The Garbage Collection Handbook by Jones Richard; Hosking Antony; Moss Eliot

The Garbage Collection Handbook by Jones Richard; Hosking Antony; Moss Eliot

Author:Jones, Richard; Hosking, Antony; Moss, Eliot
Language: eng
Format: epub
Publisher: CRC Press


12.3 Issues to consider

While we have termed finalisation and weak pointers ‘language-specific’ concerns, they are now largely part of the accepted landscape of automatic memory management. Automatic management is a software engineering boon, enabling easier construction of more complex systems that work correctly, but various specific problems motivate finalisation and weak pointers as extensions to language semantics — extensions that have been introduced precisely because of the assumption that memory will be managed automatically.

If the collector and run-time system implementer receive the language being implemented as a given, then many of the design considerations mentioned here have already been decided: the language is what it is. The design questions mentioned earlier, particularly with respect to choices in the design of support for finalisation, are more relevant in the context of designing a new programming language. Likewise, the varieties of weak pointer mechanisms, such as which ‘weak’ data structures to offer, how many strengths of references to support, and so on, are also more the province of language design.

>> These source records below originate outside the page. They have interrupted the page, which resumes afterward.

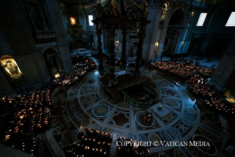 Az éjszaka vége felé történnek az imént meghirdetett evangéliumban elbeszélt események (vö. Lk 24,1–12): a feltámadás isteni fénye akkor gyullad fel és az Úr húsvéti átmenetele akkor megy végbe, amikor a nap még felkelőben van; a hajnal derengésénél látjuk, hogy a Jézus sírjára helyezett nagy követ elhengerítették, és gyászfátyolt viselő asszonyok érkeznek arra a helyre. Sötétség veszi körül a tanítványok zavarát és félelmét. Minden az éjszaka folyamán történik.
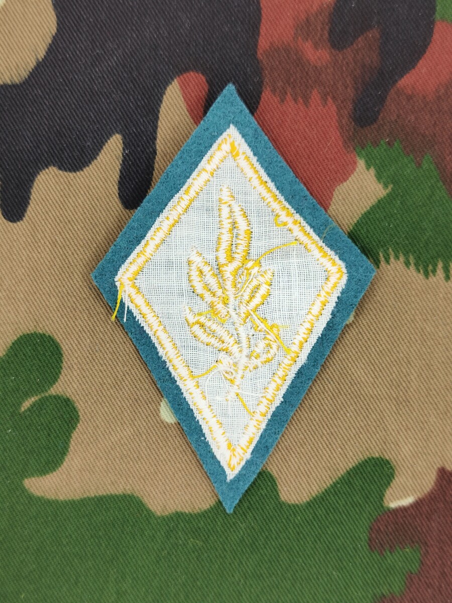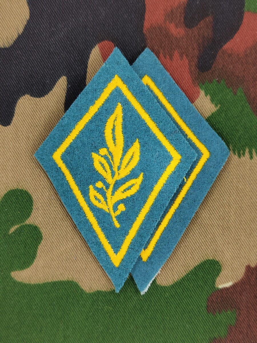 Dies ist eine Reproduktion eines Kragenspiegels für Heereseinheitskommandanten der Ord. 1949. Die Grundfarbe entspricht der Truppengattung, von welcher der jeweilige Kommandant hervorgegangen ist.
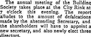 The annual meeting of the Building Society takes place at the City Rink at 7 o’clock this evening. The report alludes to the amount of defalcations made by the absconding Secretary, and the shareholders will have to appoint a new secretary, and also newly elect three directors.
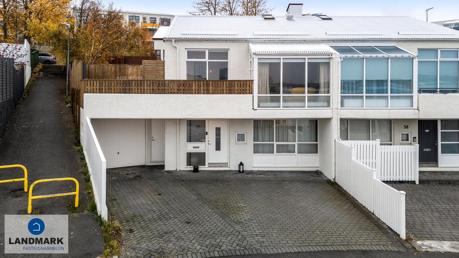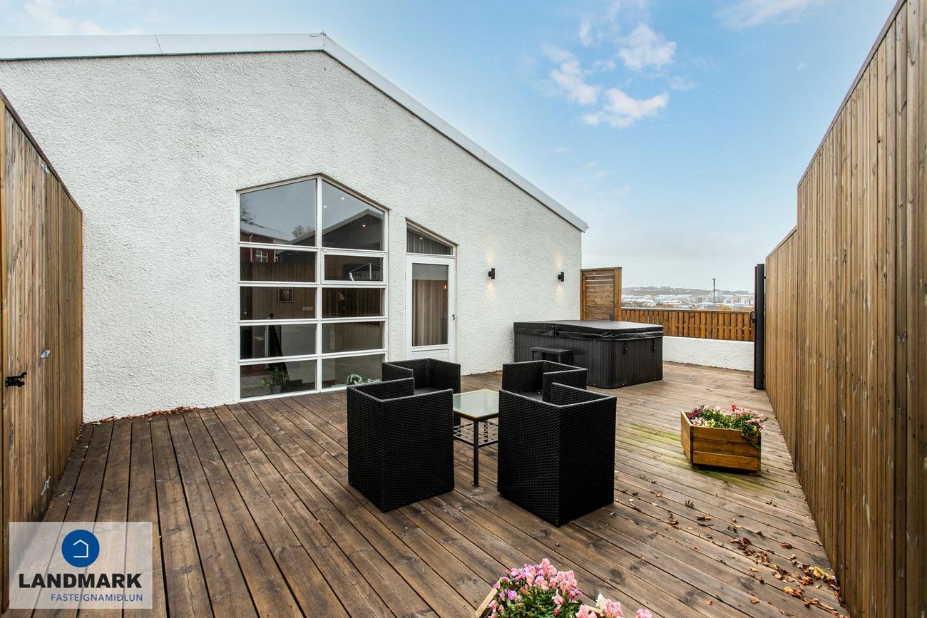 Tveggja hæða parhús með opnu rými, rislofti og verönd með heitum potti. Húsið hefur gott skjólvegg og innangöngu í bakgarð.
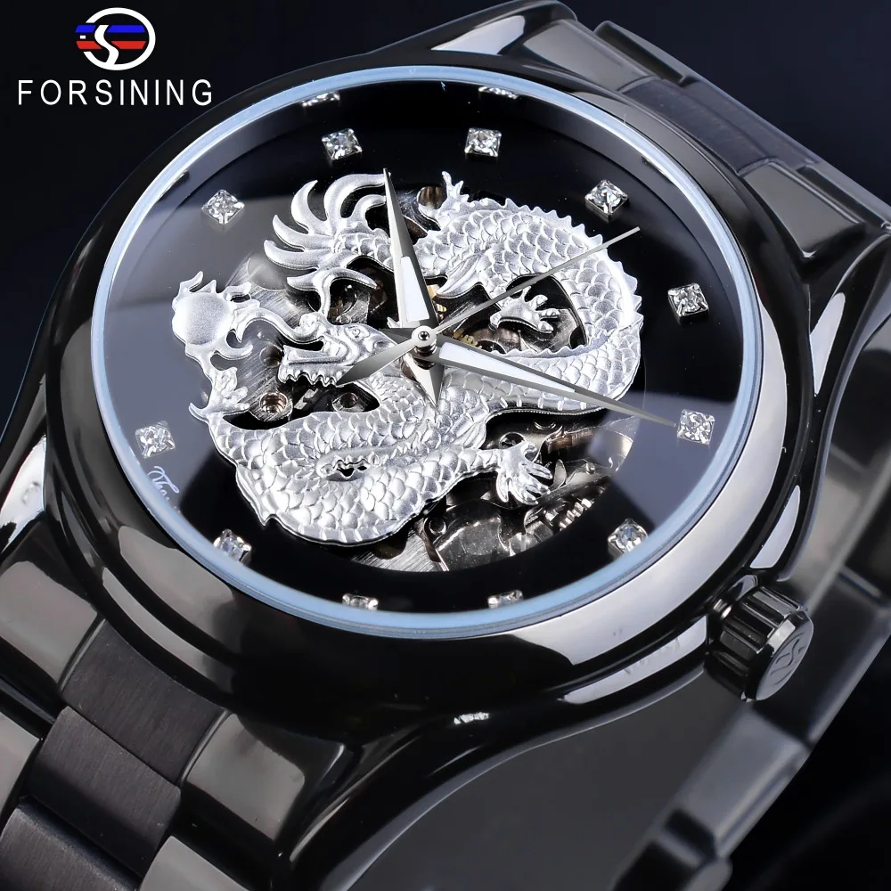 Special Offer Forsining srebrny smok szkielet automatyczne mechaniczne mężczyzna zegarek na rękę pełne ze stali nierdzewnej pasek zegar wodoodporny zegarki męskie Discount 24% Today!

Where a collector and run-time system implementer has more scope is in the choice and design of allocation and collection techniques. Here are some of the considerations of how those choices relate to the mechanisms discussed in this chapter.

• Weak pointers and finalisation tend to require additional tracing ‘passes’. These typically complete quickly — their performance is typically not of unusual concern. However, they complicate otherwise basic algorithms, and require considerable care in their design. It is best to design in the necessary support from the beginning rather than to attempt to add it on later. Needless to say, it is very important to gain a solid understanding of the semantics of the features and of how proposed implementation strategies enact those semantics.

• Some mechanisms, notably some of the ‘strengths’ of Java’s weak references, require that a whole group of related weak references be cleared at the same time. This is relatively easy to accomplish in a stop-the-world collector, but in a more concurrent setting it requires additional mechanism and care. As mentioned in earlier discussion, traversing the weak references needs to include a check of a shared flag and possibly some additional synchronisation, to ensure that collector and mutator threads make the same determination as to which weakly-referenced objects are live — they need to resolve the race between any mutator thread trying to obtain a strong reference and the collector trying to clear a group of weak references atomically. This race is by no means peculiar to Java’s weak reference mechanisms, and is a potentiality in supporting weak pointers in any concurrent setting.

• Given the concerns about atomic clearing of sets of weak references and the general complexity of weak pointer and finalisation support, it may be reasonable to handle those features in a stop-the-world phase of an otherwise concurrent collector, or at least to use locks rather than lock-free or wait-free techniques. Chapter 13 discusses these different approaches to controlling concurrent access to data structures.